━━ Data extracts ━━
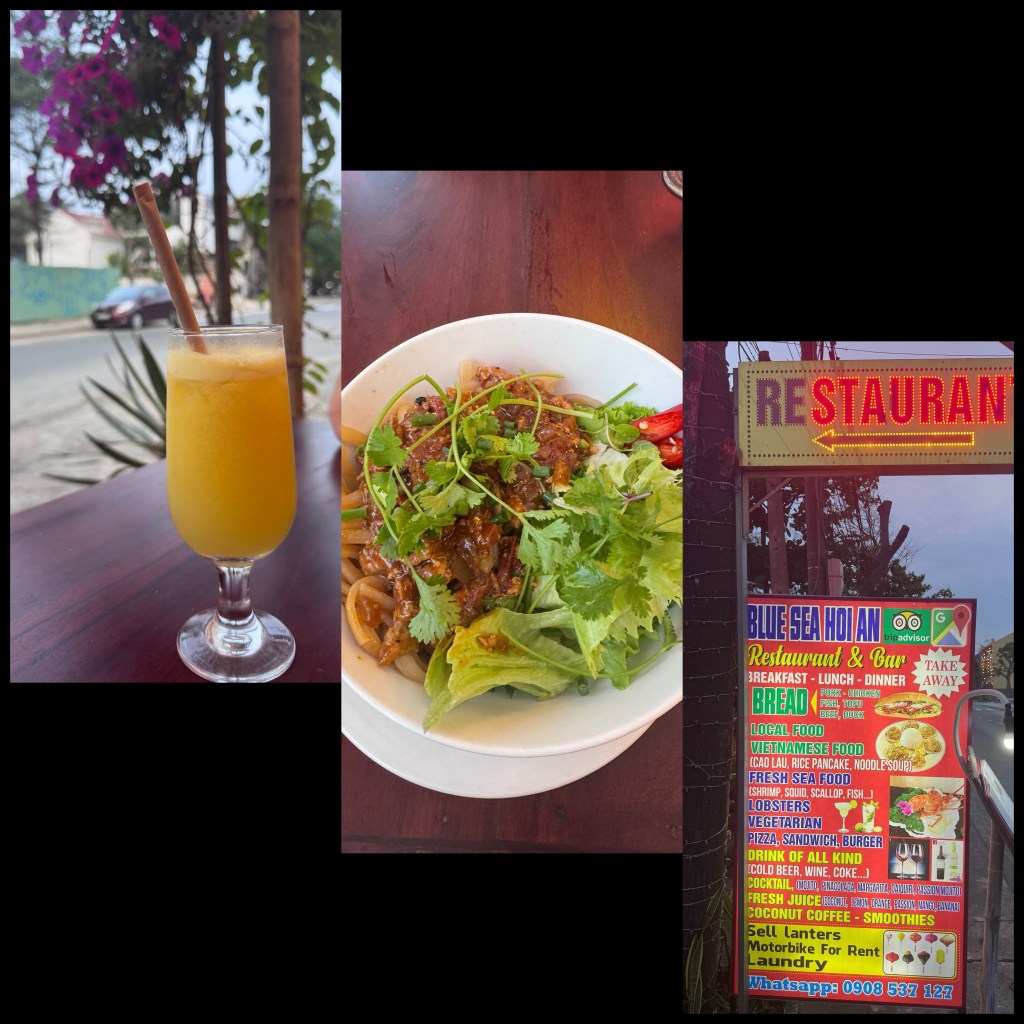 Blue sea Hoi an – south end, very tasty and well price local food. Best Cao Lau we had in the area
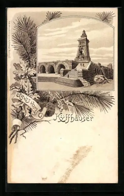 Lithographie Kyffhäuser, Blick aufs Kaiser-Wilhelm Denkmal
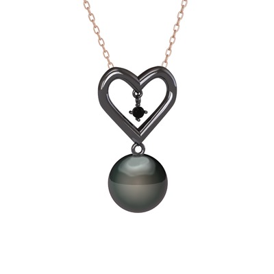 Siyah inci ve siyah zirkon 925 ayar siyah rodyum kaplama gümüş kolye (40 cm rose altın rolo zincir)
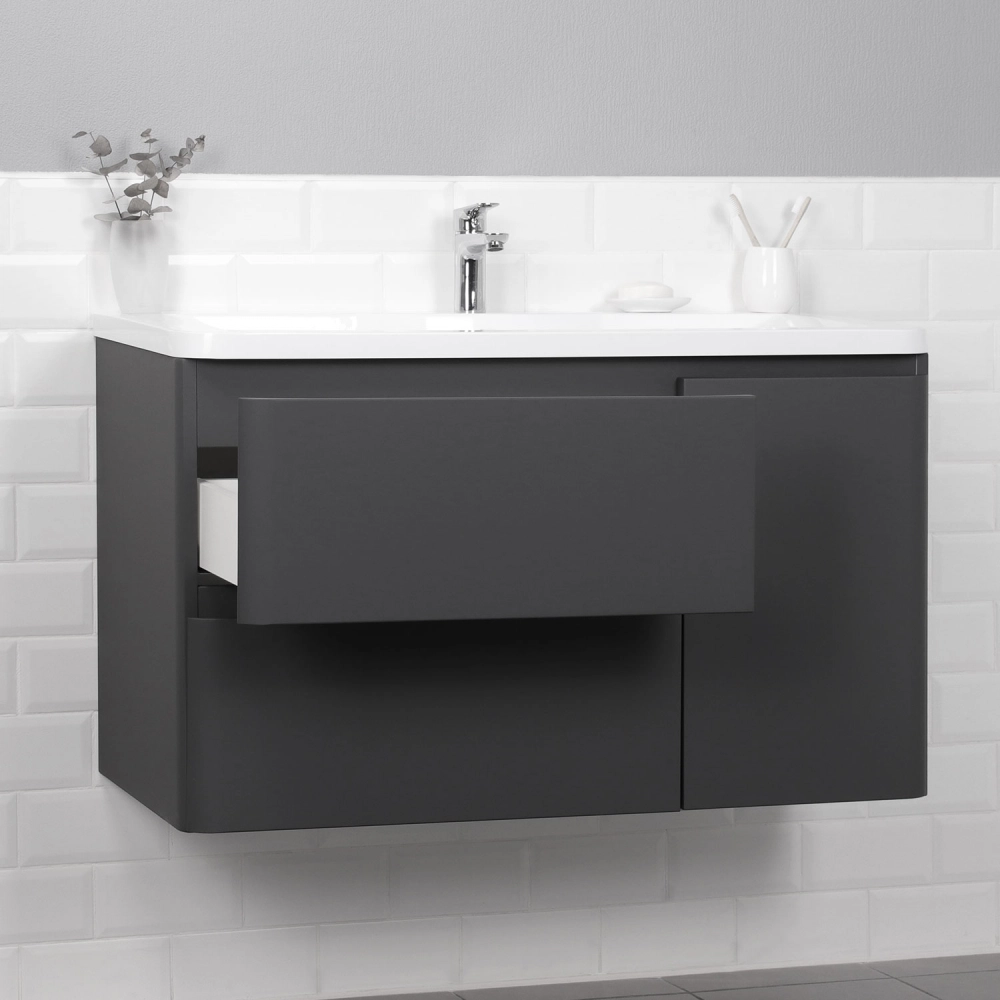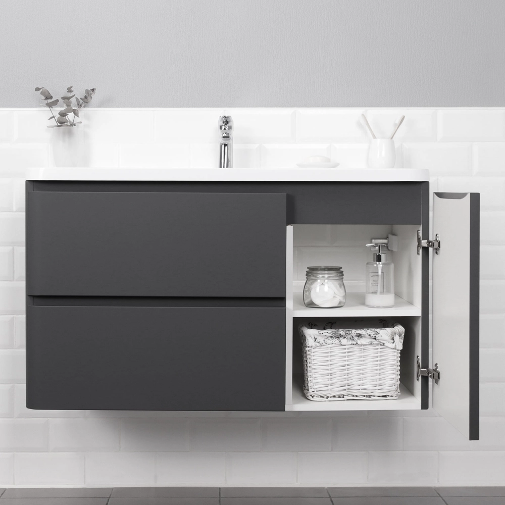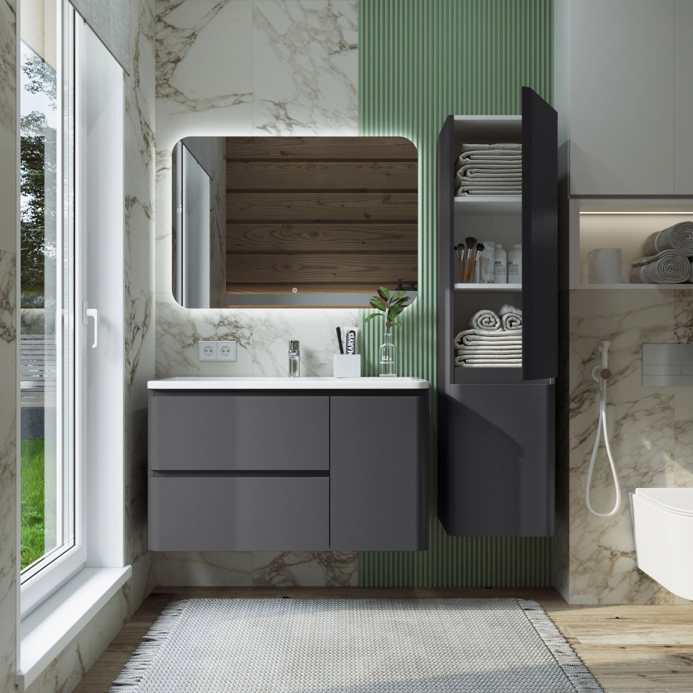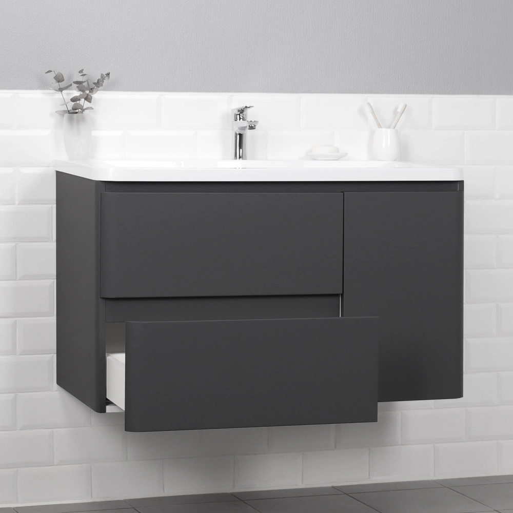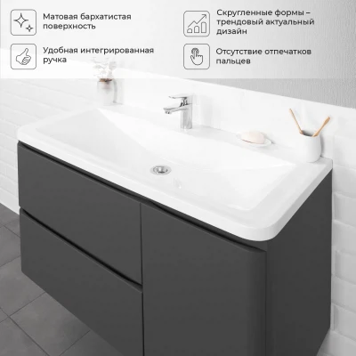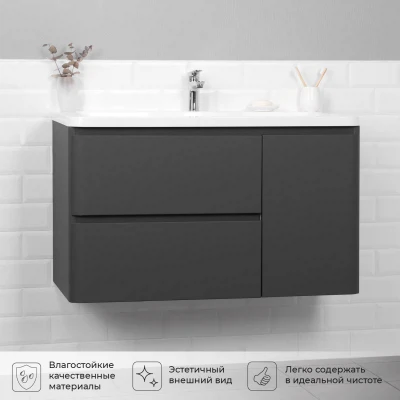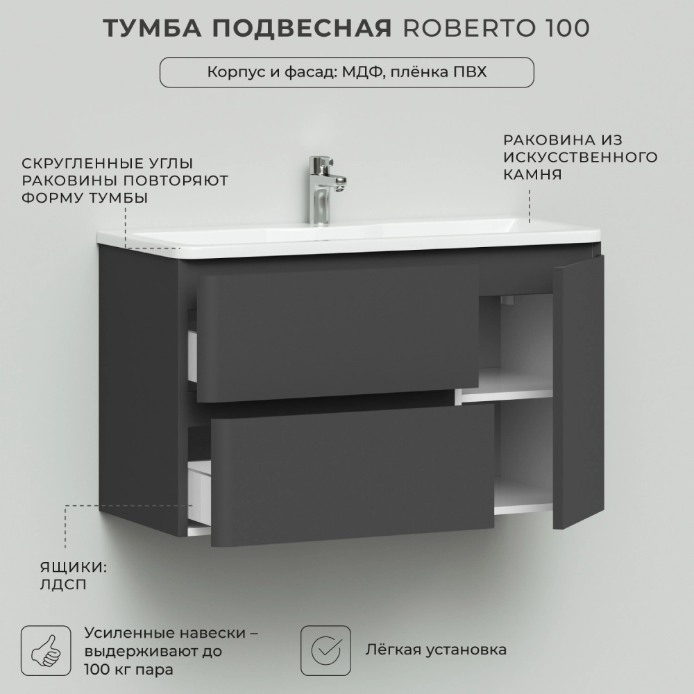 Тумба с раковиной подвесная Итана Roberto 100 с выдвижными ящиками Графит
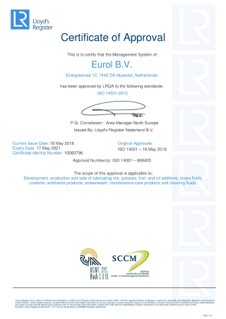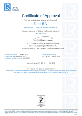 Аудиторы Lloyd’s Register Nederland B.V. продолжают периодически посещать компанию с целью проверки того, что система продолжает соблюдать требования стандартизации к выпускаемой продукции. И система остается современной и обеспечивает постоянное качество продукции, что является гарантией для клиентов Eurol Lubricants B.V.
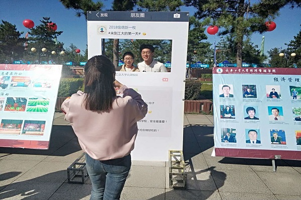 优德88是一个团结温暖的大家庭,为展现公司风采,提升广大新生对学校、学院的归属感和责任感,在制作传统的优德88简介展示板、学团联优秀活动展示板和优秀毕业生展示板的基础上进行了创新,为新生制作了合影留念墙,以朋友圈的形式表达了对新生的美好祝愿,创意展板引来一大波家长和萌新,纷纷在此驻足。
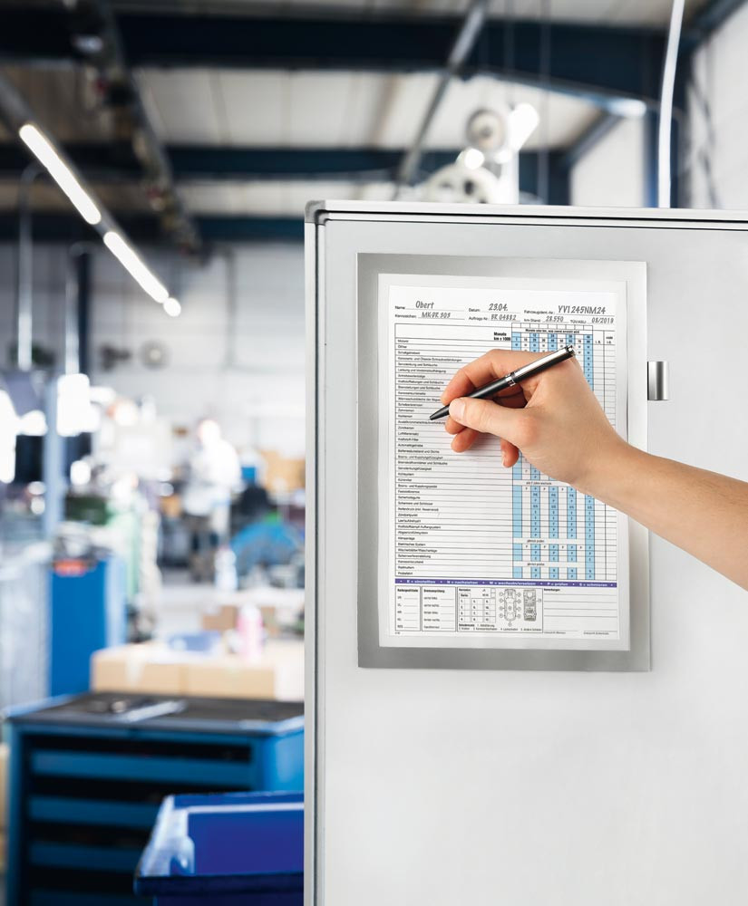 ∙ Direktes Beschriften des Dokuments möglich, da Aussparung auf der Vorderseite ∙ Der Magnetrahmen haftet auf allen metallischen Oberflächen ∙ Mit Stiftehalter für alle Stifte mit Befestigungsclip
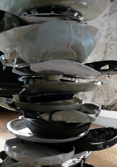 À l'origine, j'ai souhaité faire une pile d'assiettes telle la tour de Babel pour m'élever, pour m'arracher du sol.
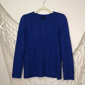TALBOTS Women's Petite Blue Confetti-Flecked Cable Knit Crewneck Sweater MP
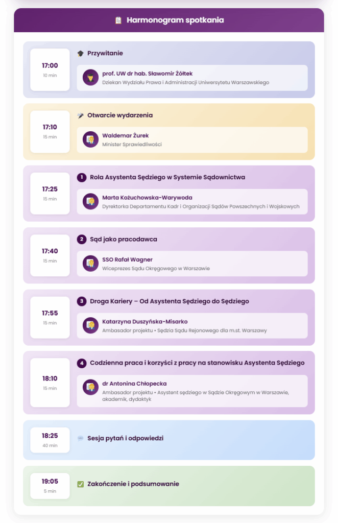 Ministerstwo Sprawiedliwości we współpracy z Wydziałem Prawa i Administracji Uniwersytetu Warszawskiego oraz z Kołem Naukowym Zawodów Prawniczych UW zapraszają na organizowane w ramach projektu „Asystent Sędziego – Prawo. Praktyka. Przyszłość” spotkanie na Uniwersytecie Warszawskim, które odbędzie się w 16 grudnia 2025 r. (wtorek) w godz. 17:00 – 19:00 w auli Starej Biblioteki Uniwersytetu Warszawskiego, Kampus Główny UW przy ul. Krakowskie Przedmieście 26/28 w Warszawie.
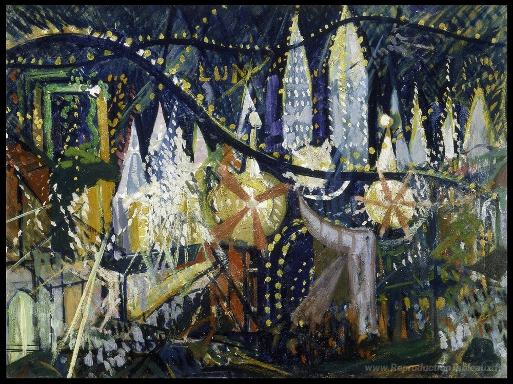 Nous vous proposons une reproduction artisanale sur toile du célèbre tableau 'Parc Luna' de Joseph Stella, provenant du Musée de la Reproduction.
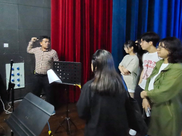 吴老师首先向学生介绍了大学会堂里的全部视听设备,从高清投影仪到先进的音响系统,从舞台设备到观众设施等,并分享了举办演出的工作流程经验。吴老师用生动的讲解和具体的案例,让大家在愉快的氛围中快速了解到不同设备对应的功能和特点。
━━━
**Required action**
Every line from the top of the records above to the line with "Siyah inci ve", inclusive, should be duplicated exactly, minus the pictures.

**Task output**
 Blue sea Hoi an – south end, very tasty and well price local food. Best Cao Lau we had in the area
 Lithographie Kyffhäuser, Blick aufs Kaiser-Wilhelm Denkmal
 Siyah inci ve siyah zirkon 925 ayar siyah rodyum kaplama gümüş kolye (40 cm rose altın rolo zincir)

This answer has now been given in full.